— Да, — воскликнула Биби, — правильно сказано! Если смотреть извне, ничего особенного я не пережила. Если смотреть извне! Но если смотреть изнутри, я чувствую, что мой опыт стоит того, чтобы написать о нем, и тем самым заинтересовать всех.
Тамина, подливая в чашки чаю, была довольна, что оба мужчины, спустившиеся к ней в квартиру с Олимпа духа, обходительны с ее подругой.
Преподаватель философии, попыхивая трубкой, прятался за дымом, словно стыдился.
— Уже начиная с Джеймса Джойса, — сказал он, — мы знаем, что наивысшее приключение нашей жизни — отсутствие приключения. Одиссей, воевавший в Трое, возвращался морями, сам управлял судном, на каждом острове его ждала любовница,
— нет, это не наша жизнь. Гомеровская Одиссея переместилась вовнутрь человека. Она стала содержанием его души. Острова, моря, обольщающие нас сирены, Итака, призывающая нас, — сегодня это лишь голоса нашей души.
— Да! Это именно то, что я чувствую! — воскликнула Биби и вновь обратилась к Банаке: — Поэтому я и хотела вас спросить, как взяться за это. У меня часто возникает ощущение, что все мое тело переполнено жаждой выразиться. Говорить. Высказаться. Иногда кажется, что я могу сойти с ума, меня до того распирают чувства, что хочется кричать; вам, господин Банака, это, несомненно, знакомо.

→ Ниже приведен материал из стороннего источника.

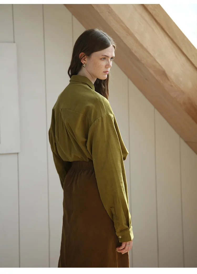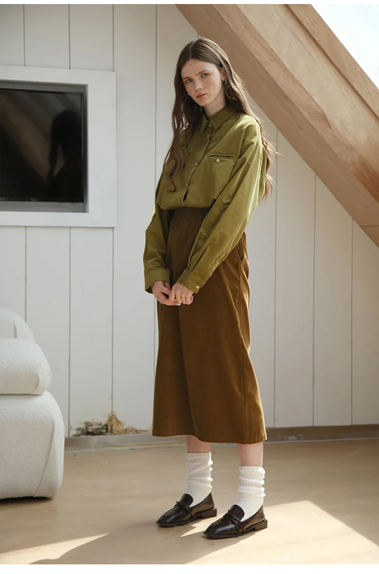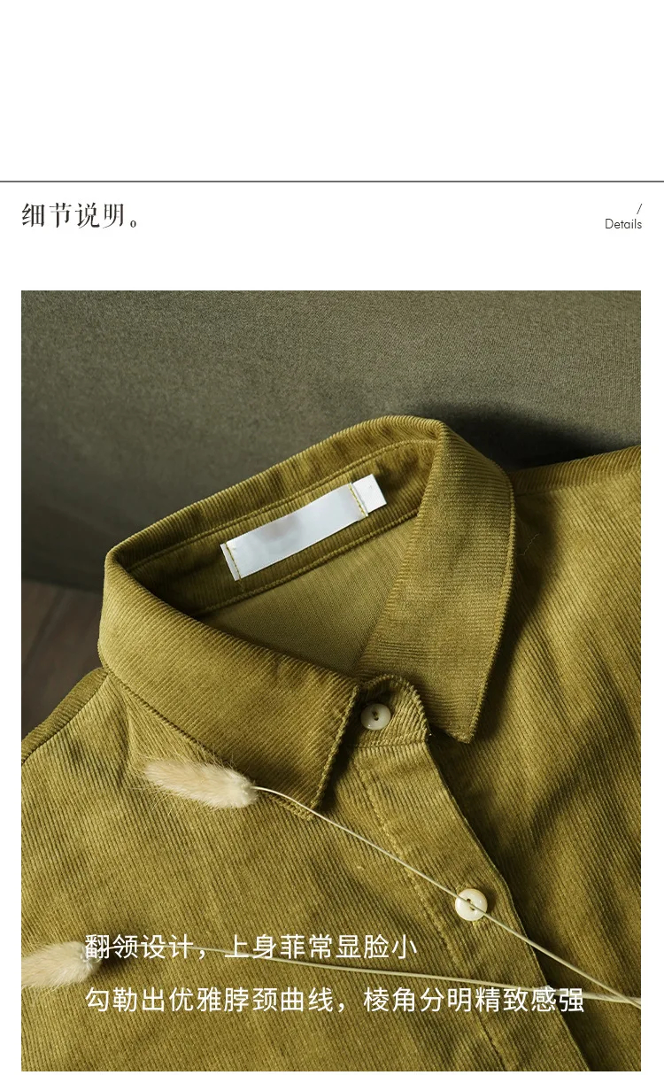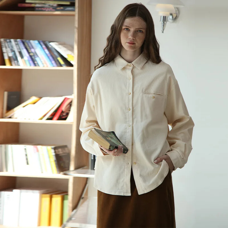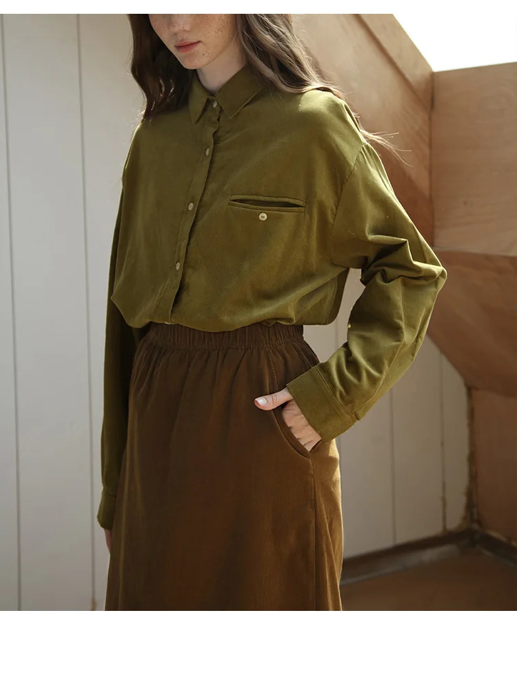 Description: This women’s long-sleeved corduroy shirt is a versatile addition to your wardrobe. Made of soft and textured corduroy fabric, it ensures comfort and style in autumn and winter. The button-down front and classic collar add a timeless detail, and the oversized fit allows for effortless styling. Suitable for daily wear, casual outings, or autumn styling, pair it with skirts, pants, or jeans for a chic look that can be accessorized to suit various occasions. Stay comfortable and fashionable with this trendy shirt.

Я хотела бы рассказать о своей жизни, о своих ощущениях, я знаю, они совершенно особые, но когда передо мной лист бумаги, все мои мысли вдруг улетучиваются. Вот я и подумала, что это дело техники. Вероятно, мне не хватает каких-то знаний, которые есть у вас. Ведь вы написали такие прекрасные книги…
9
Я избавляю вас от урока по искусству письма, который преподали оба Сократа молодой женщине. Скажу кое о чем другом. Недавно я проехал Париж из одного конца в другой, и таксист разговорился. По ночам он не спит. Страдает хронической бессонницей. Началось это еще во время войны. Он был моряком. Корабль его потопили. Он плавал в море три дня и три ночи. Потом его спасли. Несколько месяцев был между жизнью и смертью. Выздоровел, но лишился сна.
— Моя жизнь на треть длиннее вашей, — сказал он с улыбкой.

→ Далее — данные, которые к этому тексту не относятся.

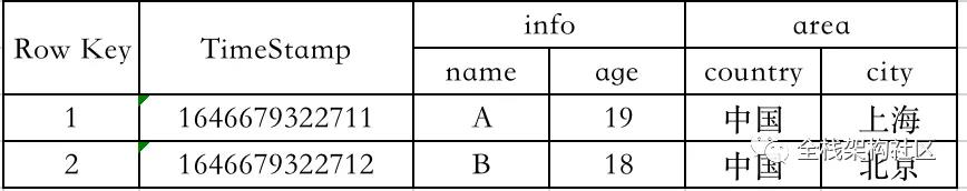 Row key 是主键,按照字典序排序。TimeStamp 是版本号。info 和 area 都是列簇(column Family),列簇将表进行横向切割。name、age 叫做列,属于某一个列簇,可进行动态添加。Cell 是具体的 Value 。

— Что же вы делаете с этой третью, данной вам в дополнение? — спросил я.
— Пишу, — сказал он.
Я спросил, что он пишет.
Он пишет о своей жизни. О человеке, который плавал три дня и три ночи в море, боролся со смертью, потерял сон и все-таки сохранил силу жить.
— Вы это пишете для своих детей? Как хронику семьи?
Он горько засмеялся: — Для моих детей? Их это не интересует. Пишу просто книгу. Думаю, она может помочь многим людям.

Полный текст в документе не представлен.